The Contender

Robert De Niro’s Al Capone, in the movie The Untouchables, says of his battles with the tough new Treasury Department team that’s investigating him, “One more thing, you have an all out prize fight, you wait until the fight is over, one guy is left standing. And that’s how you know who won.” He’s right.

One of the ways in which the world could know that Israel was the chosen nation was that this tiny people, located in some highly-coveted, routinely-conquered land, perservered. They were hated, both for their prosperity and their exclusiveness: their stubborn refusal to give in to the ancient “multiculturalism” of worshipping other nations’ gods. While all of their neighbors went with the flow, so to speak, Israel was the prudish people who insisted that there was only One God, and that this God didn’t look kindly upon idolatry and polytheism. Despite the repeated failings of the Israelites themselves, the nation of Israel was a sign and a symbol to the world, intended, we’re told, not just for Israel’s sake, but for everyone’s. This is one of the questions which seems to confuse people: why choose a tiny, seemingly unimportant people as the chosen race? Why have a chosen race at all? The answer is simple. By choosing an unlikely candidate as your messenger, and having that messenger survive some pretty outrageous odds, it suggests both that the messenger is chosen by God, and more importantly, that the Message is true.

This didn’t stop under the New Covenant. God chose a ragtag band of Disciples who, prior to St. Paul, didn’t seem to have a trained theologian amongst them. From this band, Christ built His Church, and it was almost immediately transferred to Rome – St. Peter sends greetings from “Babylon,” a code word frequently used to describe Rome, as early as 1 Peter 5:13.

While a number of denominations claim to be spiritual heirs to the Gospel, the Catholic Church can demonstrate that She isn’t just the insititutional heir to the early Church, She’s the same Church.
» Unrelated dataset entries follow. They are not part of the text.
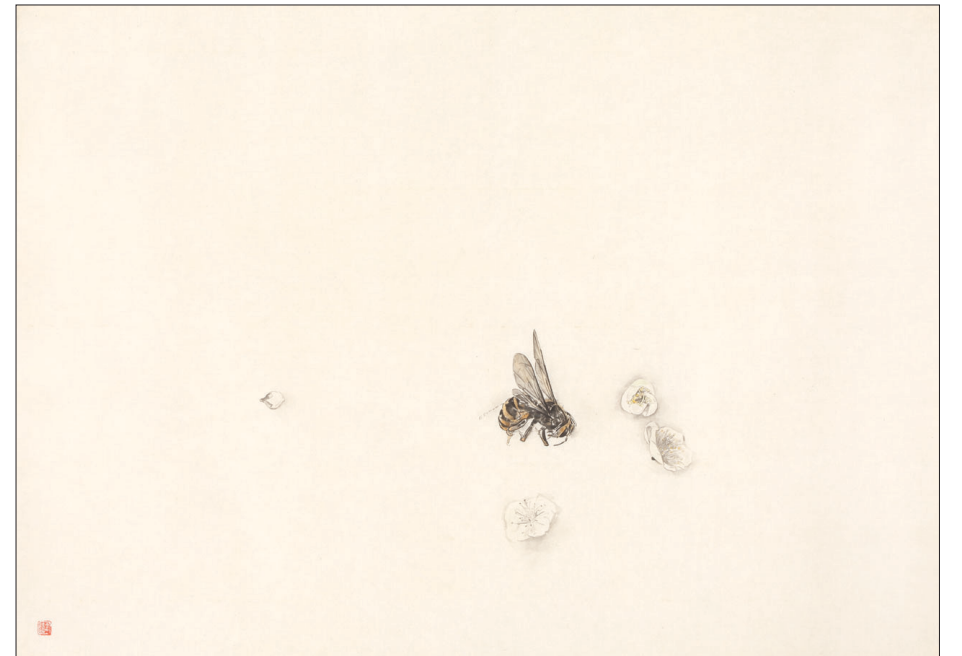
화삼매. 꽃은 그 향기가 지고 난 뒤 마르면서 고혹적이라 했다. 꽃은 그저 꽃일 뿐 떨어진 것이든 붙어 있는 것이든 그 의미와 가치가 있는 법이다.
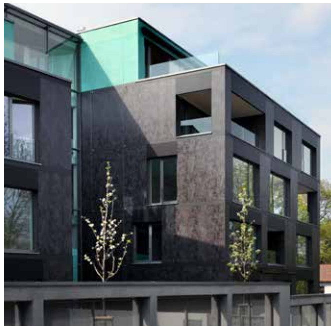
Villa Atrium Bubeneč
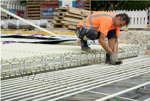
Befestigung der Bewehrung mit Kabelbindern.
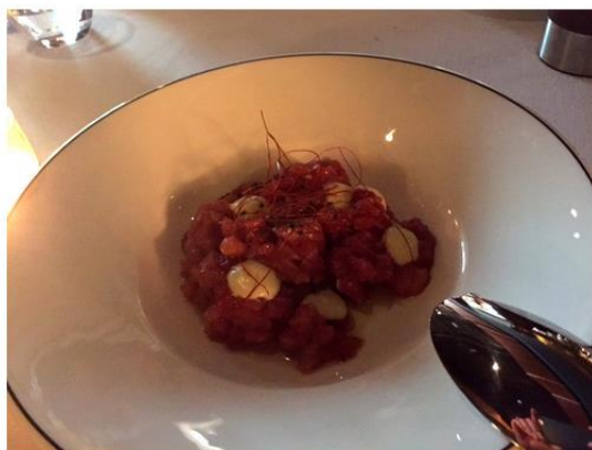
Tartar de atún rojo

There has continually been an office of “Bishop of Rome,” with various other churches in communion with that see, since the time of Peter. I know that there is some debate amongst Christians over whether the early bishops of Rome were popes, and whether they possessed the same power that popes today possess, but that’s not really relevant to my argument today. My argument is simply that the Roman see, with various churches in communion with it, has existed longer than any government on Earth. That just as the nation of Israel saw the rise and fall of her giant foes, the Roman Catholic Church has seen the same.

She’s seen the fall of the Roman Empire, the fall of Genghis Khan and the Mongols, of a thousand nations. She was there for centuries before anyone had ever heard of a thing called “Islam,” and She watched Her pagan rivals die off, whether they be the Roman cults or Germanic paganism. She predates the existence of the English language, as well as languages like French, Spanish, Italian, and so forth, and She lived when Latin was very much a living language.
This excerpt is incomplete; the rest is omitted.